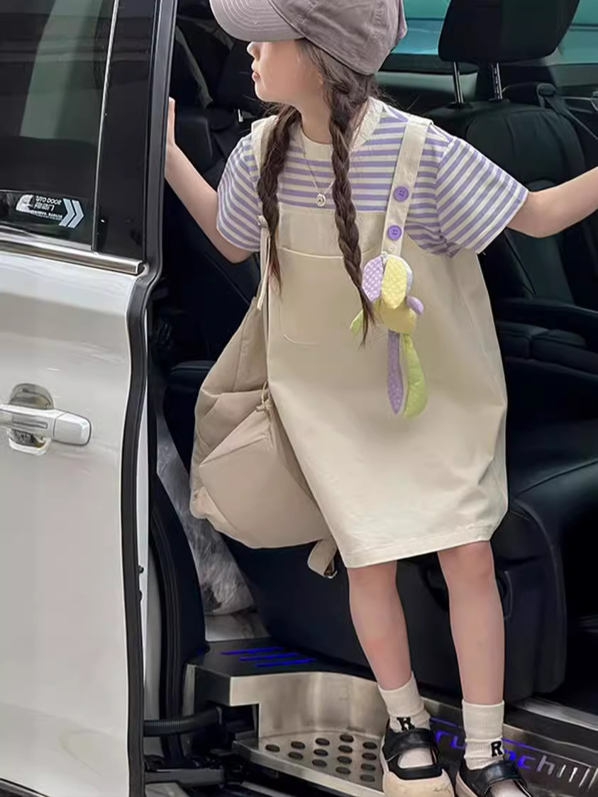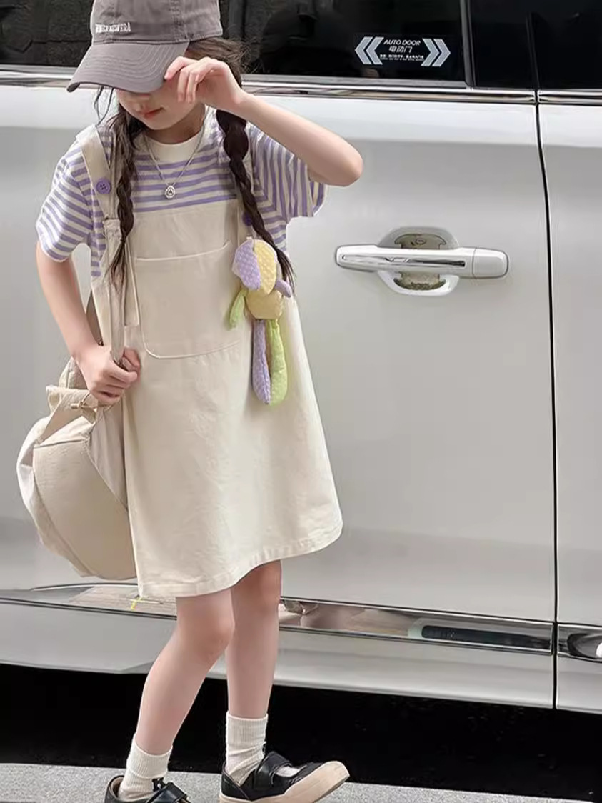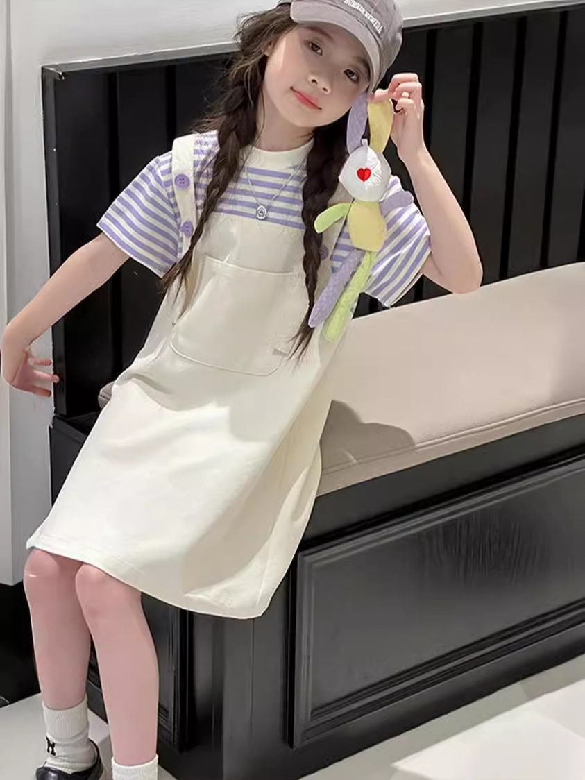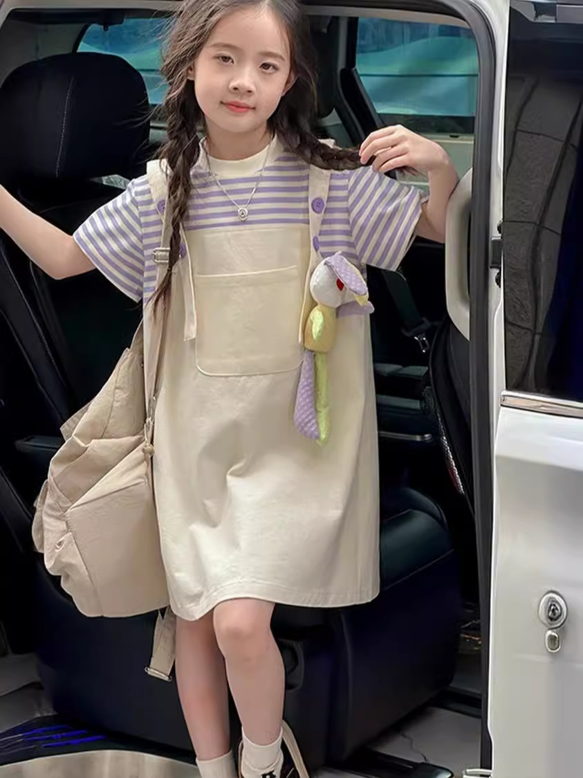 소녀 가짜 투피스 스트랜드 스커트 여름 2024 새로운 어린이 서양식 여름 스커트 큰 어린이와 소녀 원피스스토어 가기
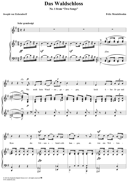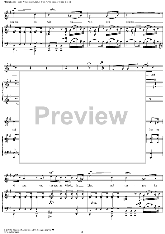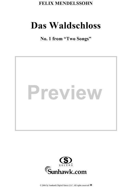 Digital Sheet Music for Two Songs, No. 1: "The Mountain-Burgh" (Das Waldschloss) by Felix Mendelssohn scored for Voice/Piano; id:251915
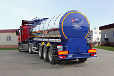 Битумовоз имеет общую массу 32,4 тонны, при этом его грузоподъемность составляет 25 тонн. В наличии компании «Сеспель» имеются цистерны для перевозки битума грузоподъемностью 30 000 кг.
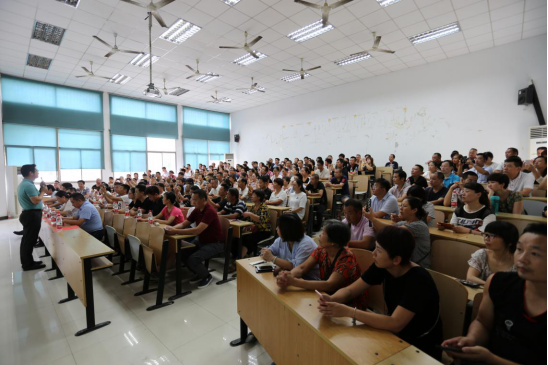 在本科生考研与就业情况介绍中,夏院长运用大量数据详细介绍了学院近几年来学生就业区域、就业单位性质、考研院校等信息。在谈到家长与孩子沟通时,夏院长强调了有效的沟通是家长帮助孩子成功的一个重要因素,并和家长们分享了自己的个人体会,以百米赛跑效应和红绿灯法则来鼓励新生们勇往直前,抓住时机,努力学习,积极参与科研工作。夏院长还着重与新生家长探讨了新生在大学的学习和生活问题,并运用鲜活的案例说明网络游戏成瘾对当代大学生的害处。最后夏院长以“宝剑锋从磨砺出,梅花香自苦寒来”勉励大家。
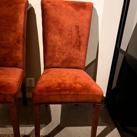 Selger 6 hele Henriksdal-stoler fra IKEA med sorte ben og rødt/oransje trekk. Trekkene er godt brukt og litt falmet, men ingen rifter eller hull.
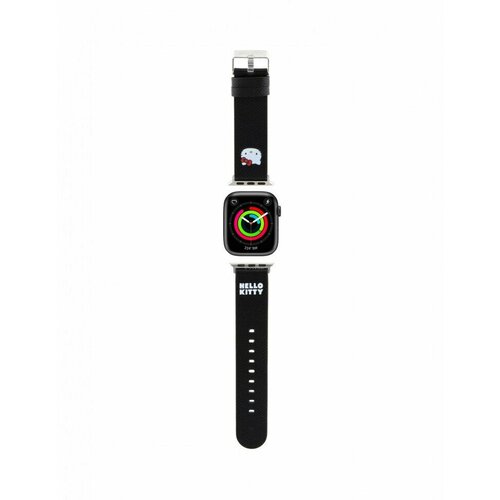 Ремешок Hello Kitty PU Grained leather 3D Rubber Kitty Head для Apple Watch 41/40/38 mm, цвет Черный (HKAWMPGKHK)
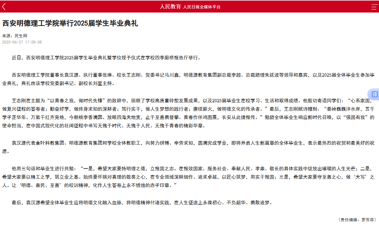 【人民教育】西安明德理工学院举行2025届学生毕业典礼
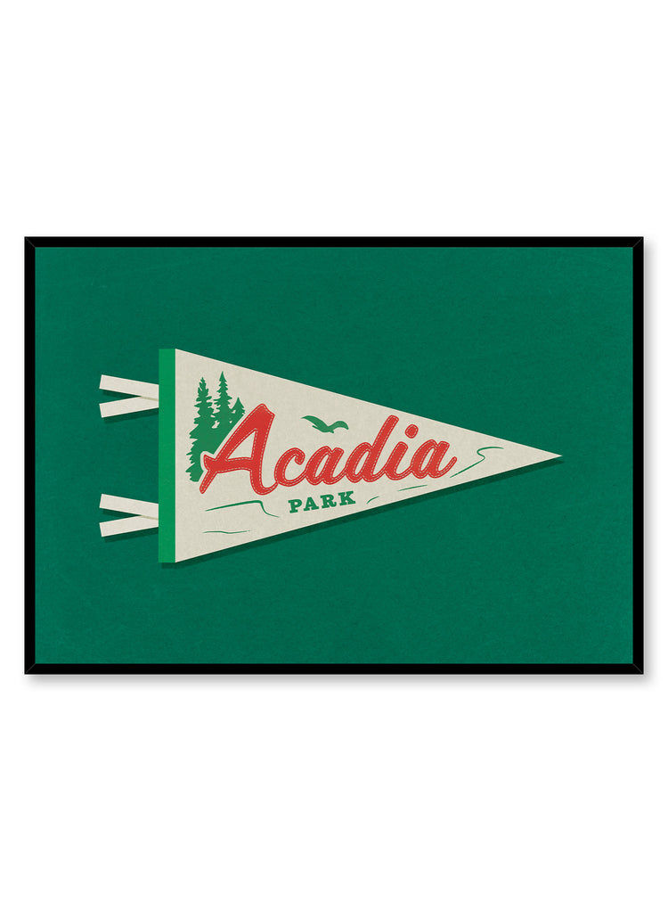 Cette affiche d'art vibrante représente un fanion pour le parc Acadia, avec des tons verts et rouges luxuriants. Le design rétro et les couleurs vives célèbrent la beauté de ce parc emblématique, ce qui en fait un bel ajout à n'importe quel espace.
------------------------
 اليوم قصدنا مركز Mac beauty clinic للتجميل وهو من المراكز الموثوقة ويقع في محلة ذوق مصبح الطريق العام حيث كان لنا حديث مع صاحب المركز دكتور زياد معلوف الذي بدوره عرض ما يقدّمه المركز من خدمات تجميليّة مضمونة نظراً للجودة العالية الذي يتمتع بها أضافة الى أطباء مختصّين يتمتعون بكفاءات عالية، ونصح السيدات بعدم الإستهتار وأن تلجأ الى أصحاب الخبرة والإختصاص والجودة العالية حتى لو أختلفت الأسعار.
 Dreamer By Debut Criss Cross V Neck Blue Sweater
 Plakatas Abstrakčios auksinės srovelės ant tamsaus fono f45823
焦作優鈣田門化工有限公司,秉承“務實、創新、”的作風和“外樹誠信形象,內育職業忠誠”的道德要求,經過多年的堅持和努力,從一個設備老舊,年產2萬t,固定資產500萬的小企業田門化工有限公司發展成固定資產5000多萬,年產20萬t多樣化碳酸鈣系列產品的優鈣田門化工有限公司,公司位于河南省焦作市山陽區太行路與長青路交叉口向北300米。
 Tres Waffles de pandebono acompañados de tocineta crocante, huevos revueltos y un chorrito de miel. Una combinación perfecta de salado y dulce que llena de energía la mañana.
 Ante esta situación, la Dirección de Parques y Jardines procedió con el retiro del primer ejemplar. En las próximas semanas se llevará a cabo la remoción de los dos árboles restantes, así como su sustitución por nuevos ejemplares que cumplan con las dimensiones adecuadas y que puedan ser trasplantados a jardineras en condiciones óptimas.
------------------------
> _How to complete this task_:
Please reproduce, exactly as they appear above, the lines from the line containing "Tres Waffles de" up to and including the line containing "Ante esta situación, la".

> _Solution for this exercise_:
 Tres Waffles de pandebono acompañados de tocineta crocante, huevos revueltos y un chorrito de miel. Una combinación perfecta de salado y dulce que llena de energía la mañana.
 Ante esta situación, la Dirección de Parques y Jardines procedió con el retiro del primer ejemplar. En las próximas semanas se llevará a cabo la remoción de los dos árboles restantes, así como su sustitución por nuevos ejemplares que cumplan con las dimensiones adecuadas y que puedan ser trasplantados a jardineras en condiciones óptimas.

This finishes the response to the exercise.